> **What is expected**
Without any pictures, print the lines below from the one that has "- Serve your" through the one that has "Colorful wall with", exactly and nothing else.

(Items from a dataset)
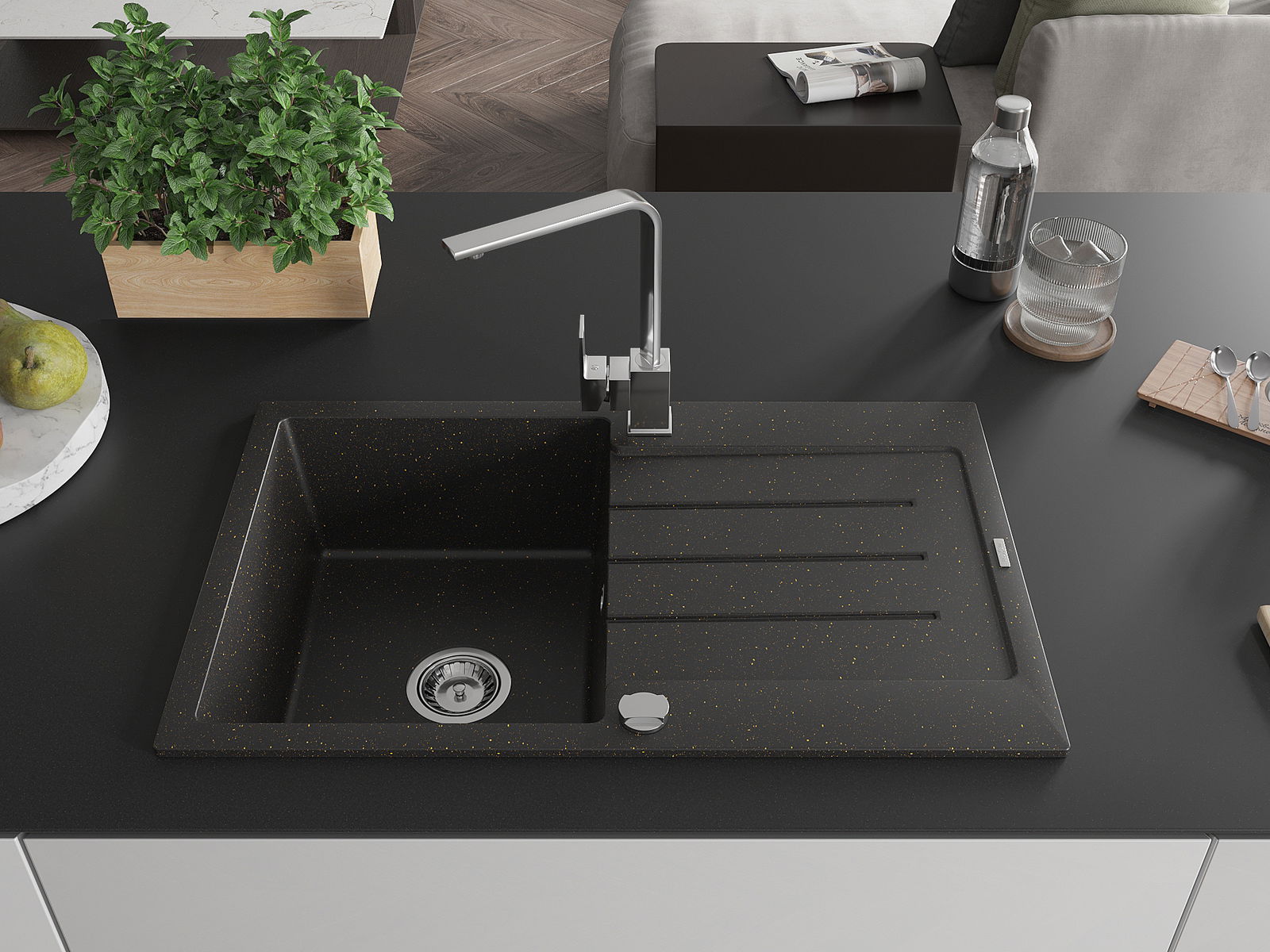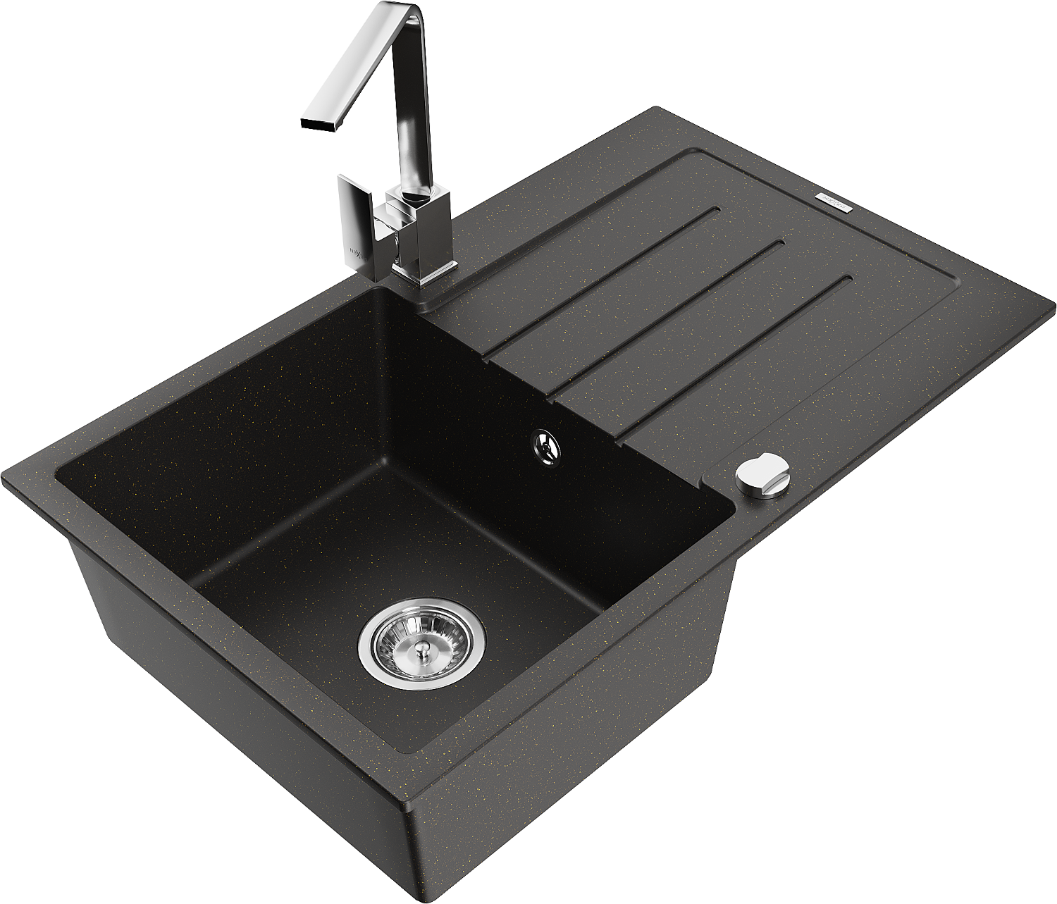Mexen Bruno évier en granit 1 bac avec égouttoir et robinet de cuisine Rita, noir/or métallique - 6513-75-670300-00
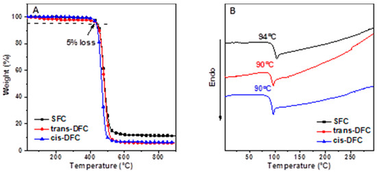 Thermogravimetric analysis (TGA) (A) anddifferential scanning calorimetry (DSC) (B) graphs of SFC, trans-DFC and cis-DFC.
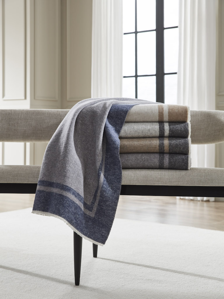 Sferra's Viletta Throw exudes softness and luxury. Viletta has a contrasting border frame and delicate fringe. The two way color palette is minimalist and refined, which makes it a perfect companion to any interior. Country of Origin: Italy.
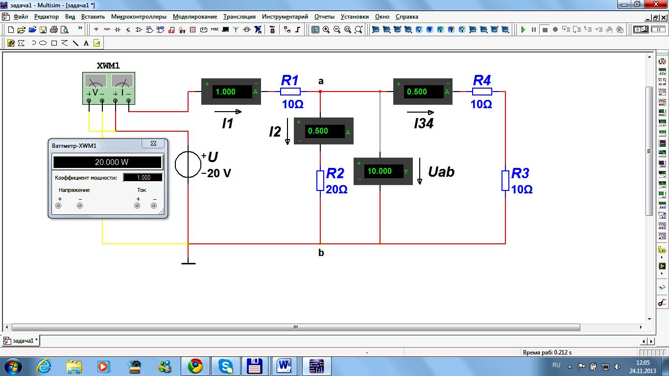 Проверим правильность решения задачи, осуществив моделирование работы схемы в среде Multisim (рисунок 1.2).
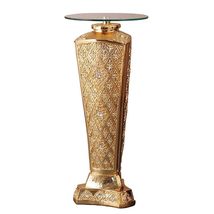 Product description: Transform your living space with this stunning Luxury Geometric Plant Stand by Interoknack. Standing at an impressive 33.9 inches tall with a compact 11.4-inch triangular footprint, this gold pedestal table combines modern geometry with classic elegance. The exquisite resin construction features intricate diamond reliefs and sparkling faux crystal insets that catch the light beautifully, adding a touch of opulence to any room. The sturdy round glass top provides the perfect platform for showcasing your favorite plants, flower arrangements, sculptures, or collectibles. Its space-efficient design makes it ideal for corners, entryways, or as an accent piece beside furniture. The durable construction ensures stability while the radiant gold finish complements various interior styles from contemporary to traditional. This versatile pedestal stand serves as both a functional display surface and a statement piece that elevates your home's aesthetic with its sophisticated charm.
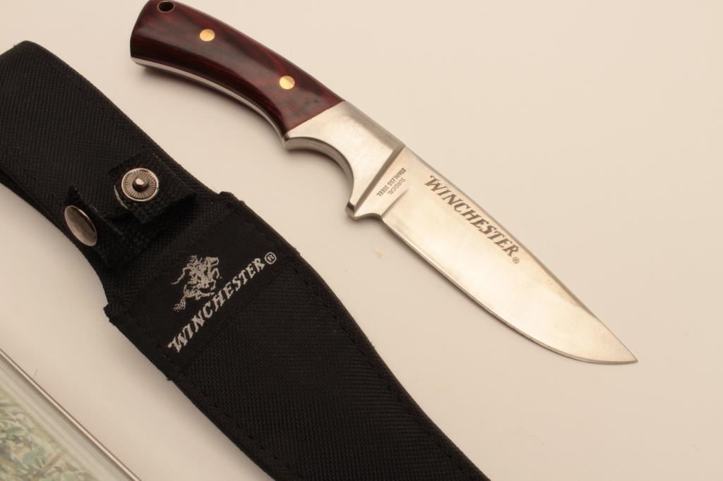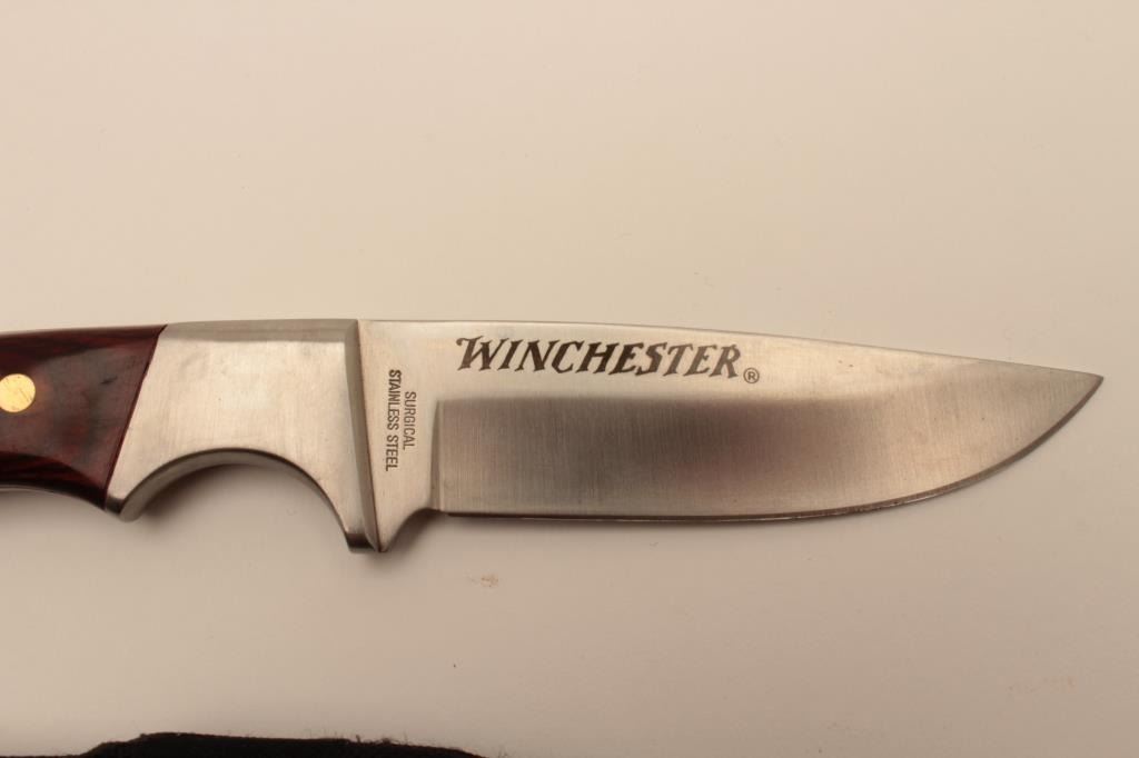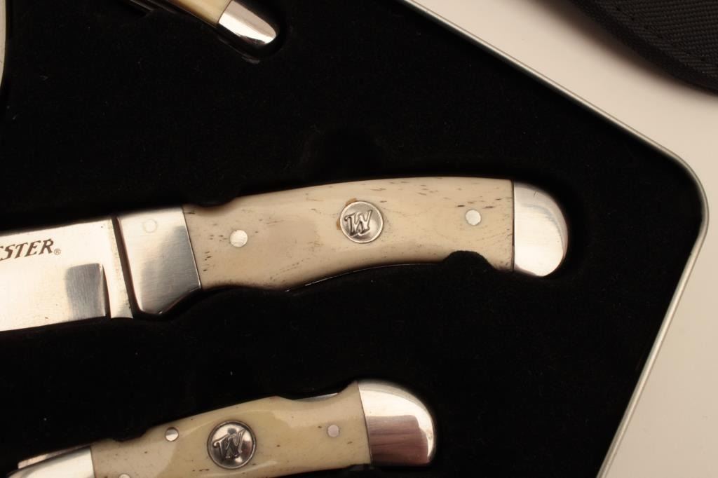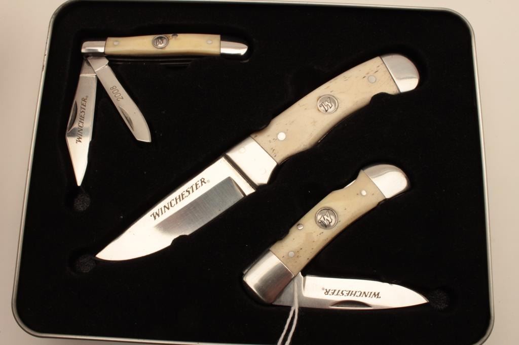 18AG-4 WINCHESTER KNIVESLot of Winchester knives including a sheath knife and set of three bone handled knives in a decorative tin. The first is a Winchester marked belt knife with a 4” blade marked, “SURGICAL STAINLESS STEEL”, featuring a hardwood handle and nylon sheath. The second, a 2008 special edition set of three bone handled knives including two folders and one fixed blade. All three are in excellent condition and come in a Winchester tin with a decorative reproduction of an old advertisement on the lid. Est.: $100-$200.Lot of Winchester knives including a sheath knife and set of three bone handled knives in a decorative tin. The first is a Winchester marked belt knife with a 4” blade marked, “SURGICAL STAINLESS STEEL”, featuring a hardwood handle and nylon sheath. The second, a 2008 special edition set of three bone handled knives including two folders and one fixed blade. All three are in excellent condition and come in a Winchester tin with a decorative reproduction of an old advertisement on the lid. Est.: $100-$200.
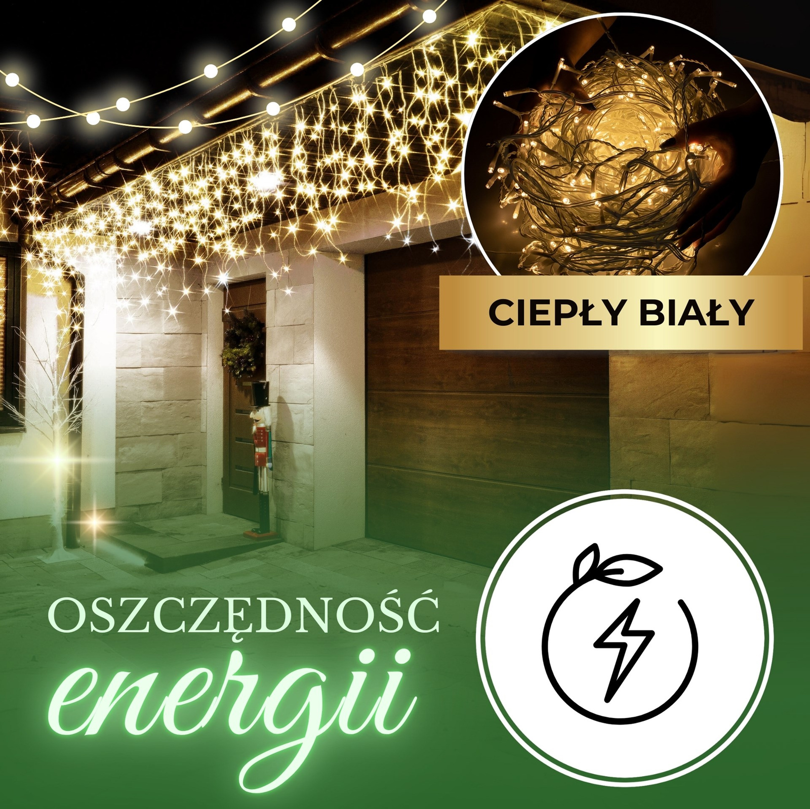 Kurtyna świetlna 300 led girlanda, lampki wewnętrzno-zewnętrzne sople ciepły biały
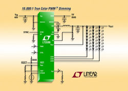 Le LT3596 emploie un seul commutateur interne de 60 V, 800 mA, pour réaliser une source de courant constant, en mode abaisseur. Le convertisseur abaisseur interne possède une boucle de retour réglable pour réguler la tension de sortie à un niveau de tension légèrement plus élevé que celui nécessaire à la DEL, afin d’assurer un rendement maximum. Si une des guirlandes de DEL se trouve en circuit ouvert, le circuit continuera à réguler les autres guirlandes et enverra un signal d’alerte sur la broche FAULT. Les autres caractéristiques incluent un détarage de l’intensité du courant de DEL en fonction de la température de jonction et / ou de la température de la DEL, ainsi qu’une déconnexion des DEL à l’arrêt.
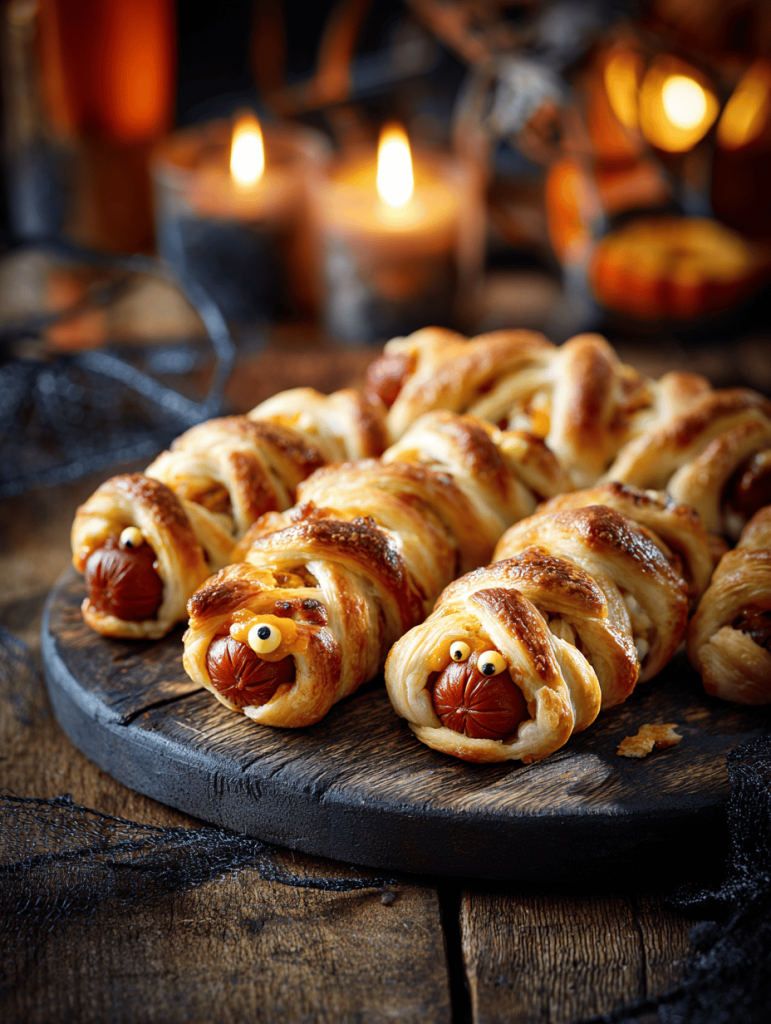 - Serve your spooky, crispy mummy hot dogs immediately, enjoying the crispy pastry, melted cheese, and fun, monster-like appearance.
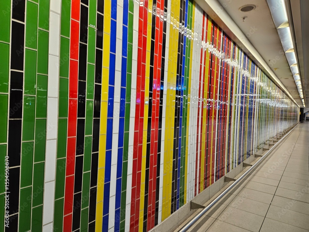 Colorful wall with tiles in a row. The tiles are in different colors. The wall is long in airport in South Africa
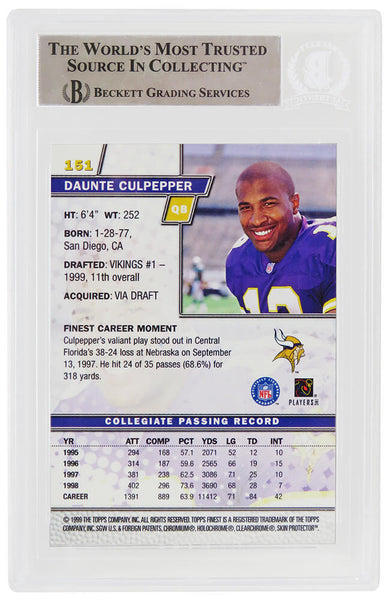 Daunte Culpepper signed Minnesota Vikings 1999 Topps Finest rookie football trading card #151. The card has been authenticated and encapsulated by Beckett Authentic and the authentication number can be verified online. The image of the item is a stock photo, as we may have multiples of the item in stock. The Slabbed Card you will receive will be of the card described. (Same grade, Same authentication) You may or may not receive the exact Beckett serial number on the slab label shown in image.
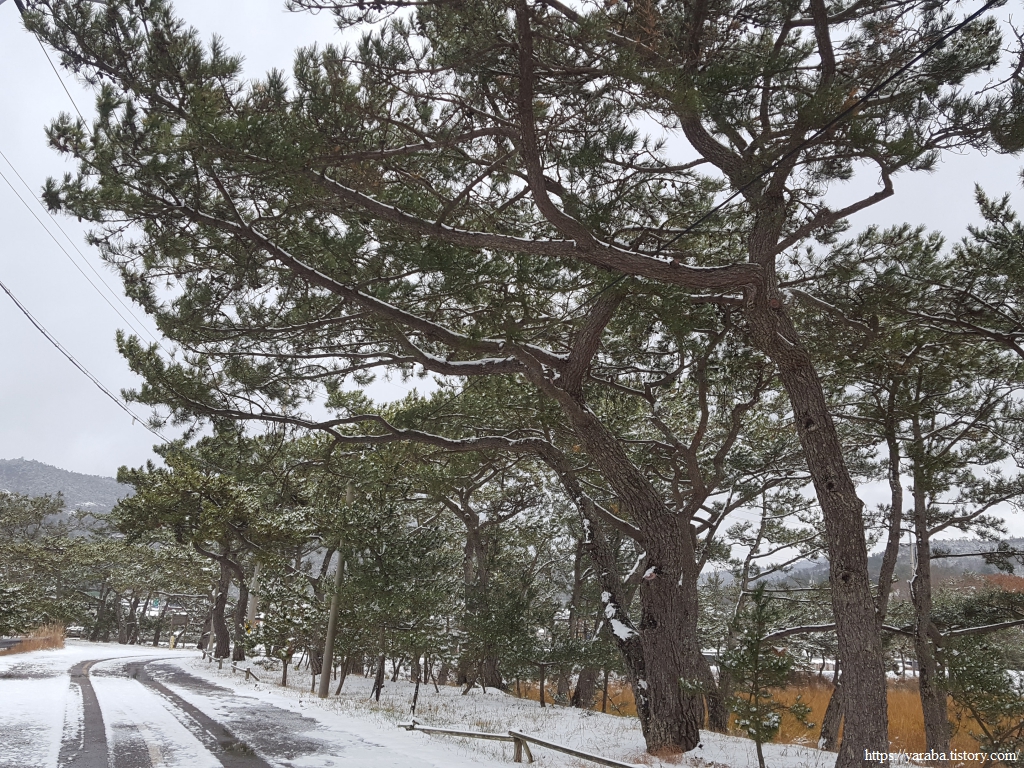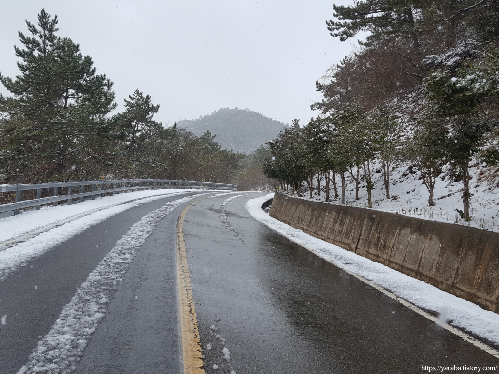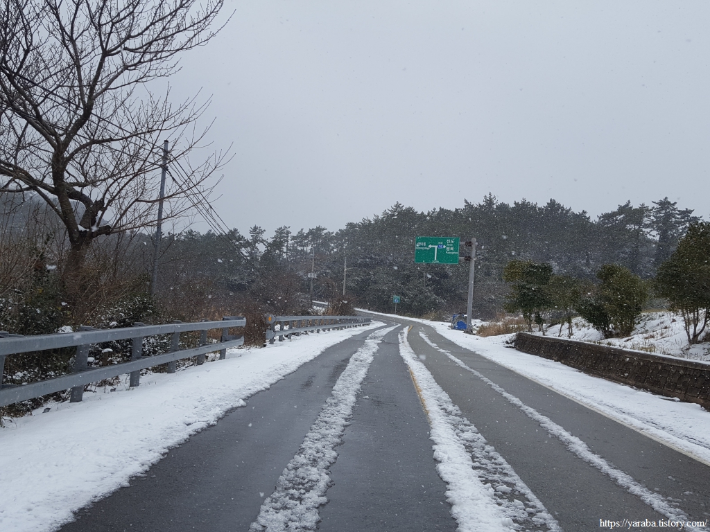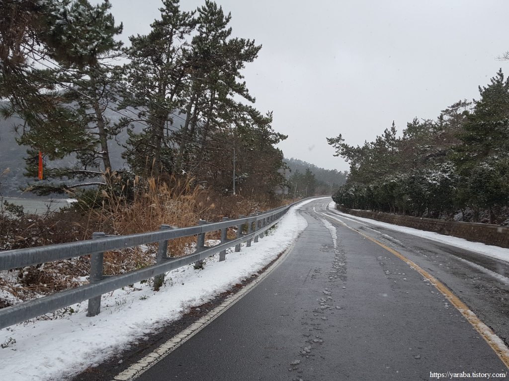 여전히 쏟아지는 눈을 맞으며 서망항을 향해 뚜벅뚜벅 걸어간다. 차가 거의 없는 도로를 걷지만 시야가 확보되지 않는 곡선 구간에서는 조심해야 한다.
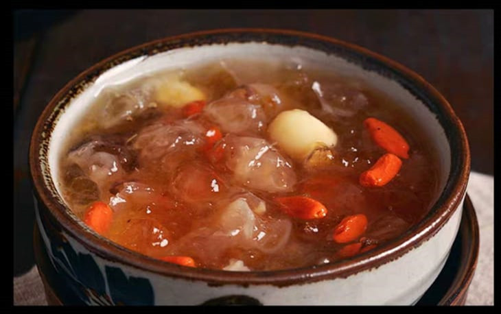 材料:皂角米、桃胶、雪燕、桂花,红枣6颗。

> **Response**
 - Serve your spooky, crispy mummy hot dogs immediately, enjoying the crispy pastry, melted cheese, and fun, monster-like appearance.
 Colorful wall with tiles in a row. The tiles are in different colors. The wall is long in airport in South Africa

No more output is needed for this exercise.